*** INPUT MATERIAL Section Begins ***
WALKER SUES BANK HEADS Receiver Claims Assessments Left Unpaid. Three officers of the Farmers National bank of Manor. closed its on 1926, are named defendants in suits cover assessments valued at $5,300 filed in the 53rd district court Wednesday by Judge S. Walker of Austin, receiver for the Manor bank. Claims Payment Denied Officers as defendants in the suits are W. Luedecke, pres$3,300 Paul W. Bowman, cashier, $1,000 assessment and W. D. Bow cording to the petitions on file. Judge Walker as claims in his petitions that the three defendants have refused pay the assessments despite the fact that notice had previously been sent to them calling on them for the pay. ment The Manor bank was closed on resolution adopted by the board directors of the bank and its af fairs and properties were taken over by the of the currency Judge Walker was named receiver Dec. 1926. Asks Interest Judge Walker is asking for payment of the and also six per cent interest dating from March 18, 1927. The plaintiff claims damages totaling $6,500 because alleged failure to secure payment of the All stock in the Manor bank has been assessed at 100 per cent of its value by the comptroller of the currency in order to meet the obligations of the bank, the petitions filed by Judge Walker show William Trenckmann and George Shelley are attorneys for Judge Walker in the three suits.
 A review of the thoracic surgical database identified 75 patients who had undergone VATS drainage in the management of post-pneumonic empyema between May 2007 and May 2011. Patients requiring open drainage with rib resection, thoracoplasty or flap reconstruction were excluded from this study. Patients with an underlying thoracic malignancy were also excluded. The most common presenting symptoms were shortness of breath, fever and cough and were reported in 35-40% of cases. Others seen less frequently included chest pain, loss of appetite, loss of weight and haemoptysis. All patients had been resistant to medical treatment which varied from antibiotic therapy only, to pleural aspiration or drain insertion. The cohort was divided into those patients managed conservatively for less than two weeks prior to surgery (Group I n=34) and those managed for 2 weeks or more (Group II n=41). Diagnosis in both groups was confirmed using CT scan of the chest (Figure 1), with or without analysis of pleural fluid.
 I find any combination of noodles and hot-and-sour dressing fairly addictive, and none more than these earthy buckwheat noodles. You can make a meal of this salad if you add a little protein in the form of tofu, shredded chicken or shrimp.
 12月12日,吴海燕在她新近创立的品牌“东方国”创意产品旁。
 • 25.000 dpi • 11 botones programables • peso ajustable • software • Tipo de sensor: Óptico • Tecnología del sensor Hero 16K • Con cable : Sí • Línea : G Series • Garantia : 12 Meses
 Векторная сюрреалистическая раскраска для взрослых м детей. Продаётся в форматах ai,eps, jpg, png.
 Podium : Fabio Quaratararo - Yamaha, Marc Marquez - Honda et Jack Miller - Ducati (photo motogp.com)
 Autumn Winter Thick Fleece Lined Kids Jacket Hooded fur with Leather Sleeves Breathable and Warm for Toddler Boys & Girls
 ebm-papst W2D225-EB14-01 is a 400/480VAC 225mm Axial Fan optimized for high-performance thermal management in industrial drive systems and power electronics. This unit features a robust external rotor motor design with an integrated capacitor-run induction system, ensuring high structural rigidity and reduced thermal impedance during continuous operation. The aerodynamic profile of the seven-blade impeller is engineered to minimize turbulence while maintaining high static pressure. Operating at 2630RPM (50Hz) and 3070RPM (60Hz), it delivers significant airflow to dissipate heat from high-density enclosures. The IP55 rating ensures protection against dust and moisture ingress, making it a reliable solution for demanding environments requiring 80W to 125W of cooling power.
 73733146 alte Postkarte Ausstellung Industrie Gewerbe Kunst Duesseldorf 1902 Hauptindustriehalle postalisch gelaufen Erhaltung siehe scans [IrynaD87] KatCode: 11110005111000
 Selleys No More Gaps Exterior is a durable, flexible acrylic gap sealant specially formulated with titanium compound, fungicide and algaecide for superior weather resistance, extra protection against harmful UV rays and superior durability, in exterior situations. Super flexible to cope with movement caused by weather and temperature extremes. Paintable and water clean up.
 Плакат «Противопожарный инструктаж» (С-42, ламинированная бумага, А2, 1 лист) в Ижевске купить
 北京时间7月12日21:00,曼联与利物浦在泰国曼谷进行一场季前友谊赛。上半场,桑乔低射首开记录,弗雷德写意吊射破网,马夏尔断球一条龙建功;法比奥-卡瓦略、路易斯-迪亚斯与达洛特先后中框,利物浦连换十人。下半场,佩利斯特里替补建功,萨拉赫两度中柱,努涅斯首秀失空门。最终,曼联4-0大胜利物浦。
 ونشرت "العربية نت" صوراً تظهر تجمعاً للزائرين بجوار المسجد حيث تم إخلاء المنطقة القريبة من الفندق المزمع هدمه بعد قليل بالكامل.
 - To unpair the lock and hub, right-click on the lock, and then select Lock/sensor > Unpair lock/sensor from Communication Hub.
*** INPUT MATERIAL Section Ends ***
* [WHAT IS BEING ASKED]
Transcribe all the material exactly.

* [ANSWER TO THIS PROBLEM]
WALKER SUES BANK HEADS Receiver Claims Assessments Left Unpaid. Three officers of the Farmers National bank of Manor. closed its on 1926, are named defendants in suits cover assessments valued at $5,300 filed in the 53rd district court Wednesday by Judge S. Walker of Austin, receiver for the Manor bank. Claims Payment Denied Officers as defendants in the suits are W. Luedecke, pres$3,300 Paul W. Bowman, cashier, $1,000 assessment and W. D. Bow cording to the petitions on file. Judge Walker as claims in his petitions that the three defendants have refused pay the assessments despite the fact that notice had previously been sent to them calling on them for the pay. ment The Manor bank was closed on resolution adopted by the board directors of the bank and its af fairs and properties were taken over by the of the currency Judge Walker was named receiver Dec. 1926. Asks Interest Judge Walker is asking for payment of the and also six per cent interest dating from March 18, 1927. The plaintiff claims damages totaling $6,500 because alleged failure to secure payment of the All stock in the Manor bank has been assessed at 100 per cent of its value by the comptroller of the currency in order to meet the obligations of the bank, the petitions filed by Judge Walker show William Trenckmann and George Shelley are attorneys for Judge Walker in the three suits.
 A review of the thoracic surgical database identified 75 patients who had undergone VATS drainage in the management of post-pneumonic empyema between May 2007 and May 2011. Patients requiring open drainage with rib resection, thoracoplasty or flap reconstruction were excluded from this study. Patients with an underlying thoracic malignancy were also excluded. The most common presenting symptoms were shortness of breath, fever and cough and were reported in 35-40% of cases. Others seen less frequently included chest pain, loss of appetite, loss of weight and haemoptysis. All patients had been resistant to medical treatment which varied from antibiotic therapy only, to pleural aspiration or drain insertion. The cohort was divided into those patients managed conservatively for less than two weeks prior to surgery (Group I n=34) and those managed for 2 weeks or more (Group II n=41). Diagnosis in both groups was confirmed using CT scan of the chest (Figure 1), with or without analysis of pleural fluid.
 I find any combination of noodles and hot-and-sour dressing fairly addictive, and none more than these earthy buckwheat noodles. You can make a meal of this salad if you add a little protein in the form of tofu, shredded chicken or shrimp.
 12月12日,吴海燕在她新近创立的品牌“东方国”创意产品旁。
 • 25.000 dpi • 11 botones programables • peso ajustable • software • Tipo de sensor: Óptico • Tecnología del sensor Hero 16K • Con cable : Sí • Línea : G Series • Garantia : 12 Meses
 Векторная сюрреалистическая раскраска для взрослых м детей. Продаётся в форматах ai,eps, jpg, png.
 Podium : Fabio Quaratararo - Yamaha, Marc Marquez - Honda et Jack Miller - Ducati (photo motogp.com)
 Autumn Winter Thick Fleece Lined Kids Jacket Hooded fur with Leather Sleeves Breathable and Warm for Toddler Boys & Girls
 ebm-papst W2D225-EB14-01 is a 400/480VAC 225mm Axial Fan optimized for high-performance thermal management in industrial drive systems and power electronics. This unit features a robust external rotor motor design with an integrated capacitor-run induction system, ensuring high structural rigidity and reduced thermal impedance during continuous operation. The aerodynamic profile of the seven-blade impeller is engineered to minimize turbulence while maintaining high static pressure. Operating at 2630RPM (50Hz) and 3070RPM (60Hz), it delivers significant airflow to dissipate heat from high-density enclosures. The IP55 rating ensures protection against dust and moisture ingress, making it a reliable solution for demanding environments requiring 80W to 125W of cooling power.
 73733146 alte Postkarte Ausstellung Industrie Gewerbe Kunst Duesseldorf 1902 Hauptindustriehalle postalisch gelaufen Erhaltung siehe scans [IrynaD87] KatCode: 11110005111000
 Selleys No More Gaps Exterior is a durable, flexible acrylic gap sealant specially formulated with titanium compound, fungicide and algaecide for superior weather resistance, extra protection against harmful UV rays and superior durability, in exterior situations. Super flexible to cope with movement caused by weather and temperature extremes. Paintable and water clean up.
 Плакат «Противопожарный инструктаж» (С-42, ламинированная бумага, А2, 1 лист) в Ижевске купить
 北京时间7月12日21:00,曼联与利物浦在泰国曼谷进行一场季前友谊赛。上半场,桑乔低射首开记录,弗雷德写意吊射破网,马夏尔断球一条龙建功;法比奥-卡瓦略、路易斯-迪亚斯与达洛特先后中框,利物浦连换十人。下半场,佩利斯特里替补建功,萨拉赫两度中柱,努涅斯首秀失空门。最终,曼联4-0大胜利物浦。
 ونشرت "العربية نت" صوراً تظهر تجمعاً للزائرين بجوار المسجد حيث تم إخلاء المنطقة القريبة من الفندق المزمع هدمه بعد قليل بالكامل.
 - To unpair the lock and hub, right-click on the lock, and then select Lock/sensor > Unpair lock/sensor from Communication Hub.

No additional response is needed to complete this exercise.